But then again, I understand that governments like mine didn’t want mass panic from something which was clearly non-malicious. They were rightly saying that this was on CrowdStrike (and not directly on the state — see more on that front in Limb 3).
Also, there are no votes in cyber resilience, so there was little point in governments making themselves the face of responding to a crisis from an unforced error by a company few civilians have even heard of.
(Separately, there has been some chatter about whether the Australian Security of Critical Infrastructure Act 2018 (Cth) (‘SOCI Act’) needs reform because of this incident-non-incident. I say, ‘Nah’.)
But Don’t Forget the Core Issue Here
We can talk about the state sending in the cavalry to coordinate national incident response all we like, but I return to the issue at the heart of this incident-non-incident:
The critical software vendor should not have messed up in the first place (as argued in Limb 1).
Folks, if you follow me on social media, you will see my regularly railing against the quality of software SCRM by CNI asset operators, my calling for better oversight of vendors and all that; especially with the number of SCRM regs out there, such as under the SOCI framework and CPSes 231 & 234 over here.
This is on top of the number of attacks against CNI assets via critical software products running on them (see Appendix), as well as the deteriorating threat environment for software supply chains, especially open source software (we all know about the luckily-averted xz utils debacle).
An idealist, I want CNI asset operators to be able to audit the living daylights out of their critical software vendors (that’s kinda my thesis). If they can’t perform that auditing/have it done by an independent third party, well, they might as well be trying to feel their way around in the dark with both hands tied behind their backs.
To reiterate Kevin Beaumont’s point, there is nowhere near the necessary level of transparency from cyber vendors like CrowdStrike about their code and procedures, and I’d safely assume that that can be extended to all software vendors.
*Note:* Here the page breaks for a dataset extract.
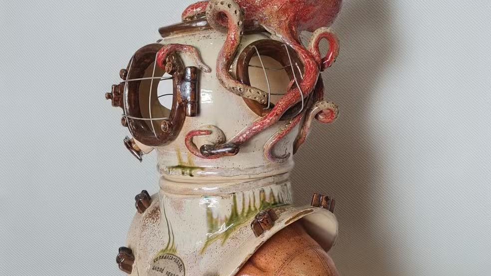 O litoral de Pipa, em Tibau do Sul, no Rio Grande do Norte, transformou-se em matéria-prima criativa para o ceramista André Renan, de 42 anos, vencedor do primeiro lugar no 5º Salão Ceramistas do Brasil, prêmio nacional concedido nesta quinta-feira (22). A obra premiada, intitulada Resgate nas Profundezas, apresenta um escafandro envolto por um polvo e se destacou entre trabalhos enviados de diversas regiões do país.

Kinda what the European Commission argued in its impact assessment accompanying the proposal for the Cyber Resilience Act (emphasis added):
While fewer vulnerabilities in products with digital elements and more transparency on the side of manufacturers as regards the security properties and secure use of products would not eliminate such costs altogether, more secure hardware and software and better documentation and instructions could lead to a notable reduction in costs.
This incident-non-incident is pretty much on CrowdStrike for failing to adequately test what it swings into customers’ kernels, and to allow customers to review the vendor’s update procedures and make patch management decisions accordingly.
A breach of trust all the more galling, given that EDR customers are on a hiding to nothing — the solution cannot be, ‘Do not have cyber resilience controls and do not install updates from your vendor’.
Solutions, People!
So, it’s clear that more vendor transparency is required.
But how are we to attain it?
Well, while we impatiently await governments mandating that transparency from all software vendors — at least to customers that operate CNI assets — through legislative reform, one piece of low-hanging fruit is for antitrust agencies to expressly authorise CNI asset operators to collectively bargain with their vendors to ensure that the latter meet minimum SDLC hygiene and other product security requirements.
Indeed, the NCSC CTO, Ollie Whitehouse, suggested this measure to leverage market forces.
Antitrust folk justifiably identify this incident-non-incident as reflective of dangerous concentrations that are allowed to build up and jeopardise national (economic) security (the subject of Limb 3).
Which is why antitrust folk must specifically say that said collective bargaining is okay to provide certainty to CNI asset operators’ lawyers as they try to make sense of their relationships with large(r) software vendors, especially critical software vendors.
As I said, it’s low-hanging fruit.
All the more so, considering the dearth of progress on this front, as Ollie pointed out:
… how we cohere the voice of what is the accepted minimum now in these systems, I think, we have yet to go.
CNI Asset Operators Can’t Fob Off Governance to Vendors
That all said, no one has clean hands here.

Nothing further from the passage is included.